The waves in part ii) are traveling in a HIL dielectric of permittivity $\epsilon_{r}$ from $0 <z<d$ and then hit an ideal metal boundary at $z=d$.

The Attempt at a Solution

I figure this should be quite obvious! The total field in the dielectric $\vec{E_{D}}$ is the superposition of the reflected and incident waves. At $z=d$ the field parallel to the boundary must be 0 -ideal metal is ideal conductor and so electrons can move to precisely counteract the field.

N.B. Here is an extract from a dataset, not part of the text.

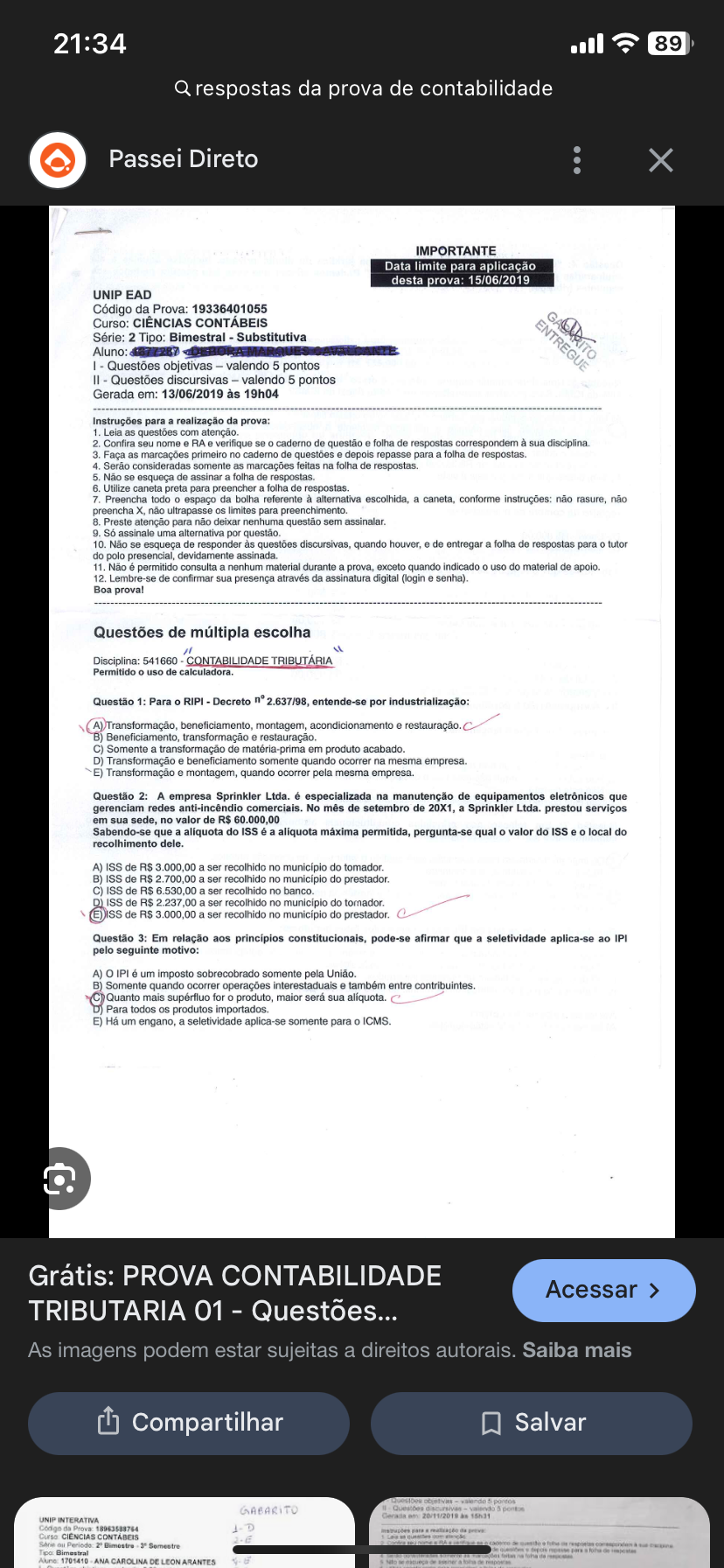 21:34 89 Q respostas da prova de contabilidade Passei Direto X IMPORTANTE Data limite para aplicação desta prova: 15/06/2019 UNIP EAD Código da Prova: 19336401055 Curso: CIÊNCIAS CONTÁBEIS Série: 2 Tipo: Bimestral Substitutiva Aluno: I Questões objetivas valendo 5 pontos II Questões discursivas valendo 5 pontos Gerada em: 13/06/2019 às 19h04 Instruções para a realização da prova: 1. Leia as questões com atenção. 2. Confira seu nome e RA e verifique se 0 caderno de questão e folha de respostas correspondem à sua disciplina. 3. Faça as marcações primeiro no caderno de questões e depois repasse para a folha de respostas. 4. consideradas somente as marcações feitas na folha de respostas. 5. Não se esqueça de assinar a folha de respostas. 6. Utilize caneta preta para preencher a folha de respostas. 7. Preencha todo espaço da bolha referente à alternativa escolhida, a caneta, conforme instruções: não rasure, não preencha não ultrapasse limites para preenchimento. 8. Preste atenção para não deixar nenhuma questão sem 9. Só assinale uma alternativa por questão. 10. Não se esqueça de responder às questões discursivas, quando houver, e de entregar a folha de respostas para tutor do polo presencial, devidamente 11. Não é permitido consulta a nenhum material durante a prova, exceto quando indicado 0 uso do material de apoio. 12. Lembre-se de confirmar sua presença através da assinatura digital (login e senha). Boa prova! Questões de múltipla escolha Disciplina: 541660 CONTABILIDADE TRIBUTÁRIA Permitido uso de calculadora. Questão 1: Para RIPI - Decreto n° 2.637/98, entende-se por industrialização: A) Transformação, beneficiamento, montagem, acondicionamento e restauração B) Beneficiamento, transformação e restauração. C) Somente a transformação de matéria-prima em produto acabado. D) Transformação e beneficiamento somente quando ocorrer na mesma empresa. Transformação e montagem, quando ocorrer pela mesma empresa. Questão 2: A empresa Sprinkler Ltda. especializada na manutenção de equipamentos eletrônicos que gerenciam redes anti-incêndio comerciais. No mês de setembro de 20X1, a Sprinkler Ltda. prestou serviços em sua sede, no valor de Sabendo-se que a do ISS é a aliquota máxima permitida, pergunta-se qual O valor do ISS e local do recolhimento dele. A) ISS de R$ 3.000,00 a ser recolhido no do tomador. B) ISS de 2.700,00 a ser recolhido no do prestador. C) ISS de a ser recolhido no banco. D) ISS de 2.237,00 a ser recolhido no do tornador. ISS de R$ 3.000,00 a ser recolhido no municipio do prestador. Questão 3: Em relação aos principios constitucionais, pode-se afirmar que a seletividade aplica-se ao IPI pelo seguinte motivo: A) IPI é um imposto sobrecobrado somente pela União. B) Somente quando ocorrer operações interestaduais e também entre Quanto mais supérfluo for produto, maior será sua alíquota. Para todos produtos importados. Há um engano, a seletividade aplica-se somente para ICMS. Grátis: PROVA CONTABILIDADE Acessar > TRIBUTARIA 01 Questões... As imagens podem estar sujeitas a direitos autorais. Saiba mais Compartilhar Salvar GABARITO Questões discursives valendo Gerada 20/11/2019 15h31 UNIP INTERATIVA da Curso CIENCIAS CONTABEIS Bimestre Somestre Tipo: Bimestral 1701410 ANA CAROLINA DE LEON ARANTES

We also know (from applying Faraday's law to a small loop around the boundary) that the parallel electric field must be continuous across the boundary. i.e

$$ \vec{E_{d}} =E_{D}\hat{\mathbf{x}}= \bigg(E_{xi}exp[i(kz-\omega t)] + E_{xr} exp[i(-kz-\omega t) ]\bigg)\hat{\mathbf{x}} $$
[n.b - the frequency of the incident and reflected waves has to be the same, else we couldn't satisfy the boundary condition for all t,] So:
$$ E_{D}(z=d) =0 \implies E_{xi} \big[cos(kd) +isin(kd)\big] =-E_{xr} \big[cos(kd)-isin(kd)\big] $$
$$ E_{xr} = -\frac{ cos(kd)+isin(kd)}{cos(kd)-isin(kd)} E_{xi} $$
Which is obviously not the result I'm meant to get! What has gone wrong?

 

[RUber]

It looks to me that the given formula for the plane wave is for free space for z<0. So, you have the first get the expression for the wave inside the dielectric. That is where you will get the $\epsilon_r$ and $k'$ terms.